1/3/13

What Has Actually Become of Saul Allinsky?


When I wrote a 1965 article on Saul Alinsky for Christianity and Crisis magazine - later anthologized in the book Witness to A Generation -  Alinsky had seven years to live.  By 1972 when he died at age 63, he was the dean of community organizers in the United States. He had largely overcome the objections of his critics. save for the most obdurate on the hard right. 

Researching prior to the Obama run in 2008, I found two others had taken in-depth looks at Alinsky - Hillary Clinton and Barack Obama. Alinsky was clearly a major stop on the learning tour these two took before they decided that electoral politics is the best way to actually get things done in America.

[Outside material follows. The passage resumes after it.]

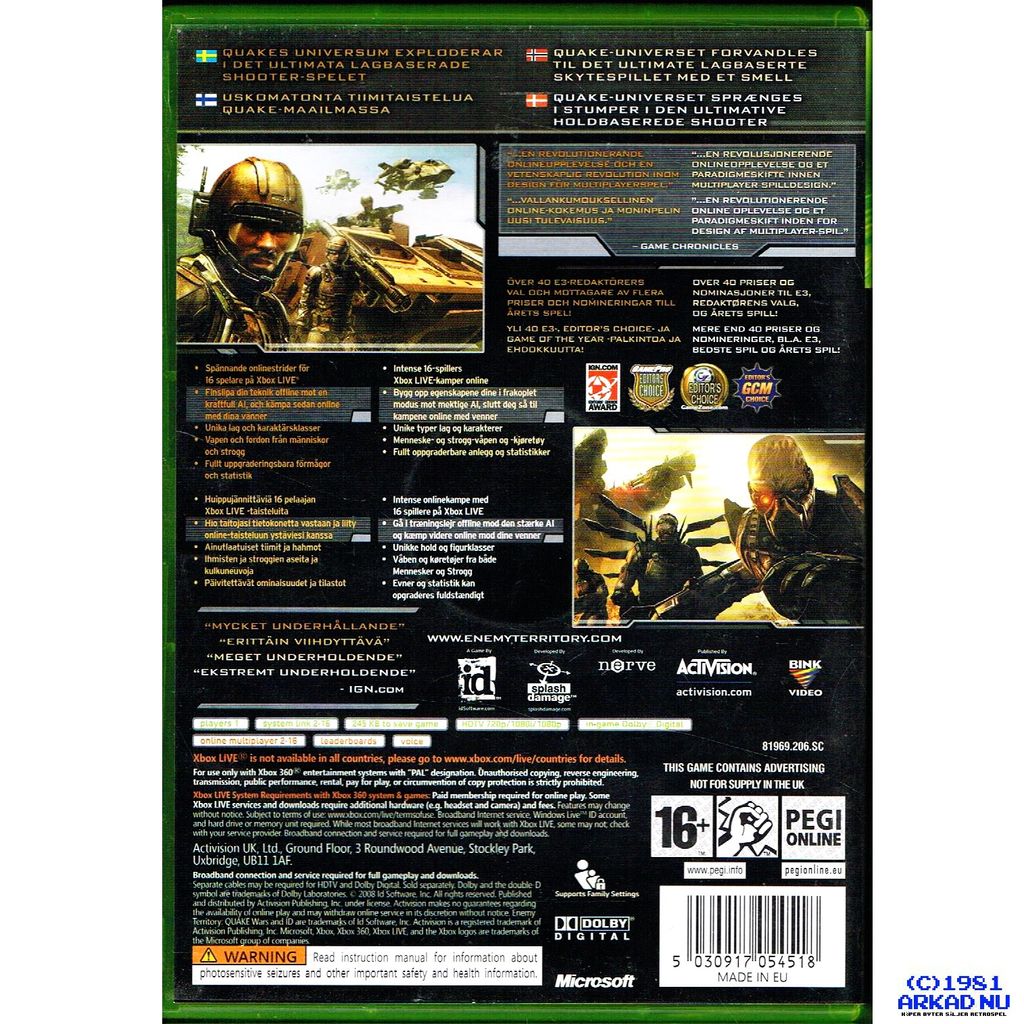 QUAKE WARS ENEMY TERRITORY XBOX 360

And that's the story in a nutshell almost fifty years from the time I entered Alinsky's modest Michigan Avenue  office  and began an investigation of several months duration. The verdict then, which has not been contradicted, is that Saul Alinsky was a crack organizer whose basic values were tolerance, democracy and helpfulness. He  applied these values to get things done in a country where the ultimate prize was  and remains the control of governance itself. 

That Alinsky championed a confrontational, in-your-face militancy is   true, but the provocative things he did were like  the Yippies, not their violent cousins. Alinsky was good at scaring media and ginning up controversy. These were weapons of the powerless and marginalized. Saul gained very least a voice at the table for such folk.

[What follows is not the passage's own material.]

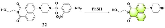 Recently, by introducing piperazine as a linker for connecting the fluorophore and the recognition moiety, a series of new fluorescent probes were developed for monitoring PhSH. Yu and Li et al. reported a 1,8-naphthalimide-based fluorescent PhSH probe (22) (Figure 9) [84]. In a mixed solvent of water/ethanol (7:3, v/v), the probe displayed a turn-on fluorescence response toward PhSH, which can be ascribed to target-induced cleavage of the 2,4-dinitrobenzenesulfonyl group and, thus, the release of the piperazine-appended 1,8-naphthalimide fluorophore. This sensing process was verified by NMR (nuclear magnetic resonance) and MS (mass spectroscopy) studies. Probe 22 was also shown to be very sensitive for PhSH, as the LOD was determined to be 10.3 nM. Based on the similar designing strategy, several other fluorescent probes (23 [85], 24 [86], 25 [79], and 26 [87]) bearing a piperazine linker were also built for the detection of PhSH (Figure 10). Notably, probe 26, which was developed by He and Chen et al., consisted of two types of fluorophores (naphthalimide and dansyl) linked by the piperazine group. The dansyl group behaves not only as a recognition moiety but also as a signaling reporter. Probe 26 alone displayed a typical naphthalimide emission at 534 nm, while a blue-shifted peak at 414 nm was gradually observed in the presence of PhSH, which can be attributed to the release of the dansyl derivative. Thus, the ratiometric detection for PhSH was achieved.

Alinsky also left a legacy that was explicit, the Industrial Areas Foundation which continues his work and extends his influence. Community organization was responsible for the ground game of the Obama operation and the various permutations of the Tea Party insofar as they have involve grass roots efforts. Even the now-hapless Karl Rove achieved some successes by assiduous grass roots organizing.

That's all we are talking about. Grass roots organizing with a patina of Yippie sensibility. If one looks back today, one would have to conclude that Alinsky helped to fashion in the American mind a role for the community organizer, a role that transcends political party or religious persuasion. Today and in the future, there will be no democratic politics or social movement that does not make an implicit bow to Saul.

That said, both President Obama and Secretary Clinton realized the clear and daunting limitations of community organizing. Both entered electoral politics precisely to get things done that cannot be achieved just by gaining some power at the grass roots.  I went back and looked at one of the organizations Alinsky lofted into the stratosphere in the 1960s - the Woodlawn Organization (TWO) in Barack Obama's neighborhood in Chicago. At the time, Alinsky could stimulate apoplexy in the adjacent University of Chicago community with a few well-chosen sound bites. Today the conflict has morphed into what can only be called an arrangement in which both sides of the dispute have had successes. Suffice to say that without TWO things would have been worse over time. 

      I would hazard the guess that in the future Alinsky's methods and aims will be integral to American politics and determine both winners and losers, just as they did in November, 2012. The key to community organizing remains constant. Doing it and doing it well.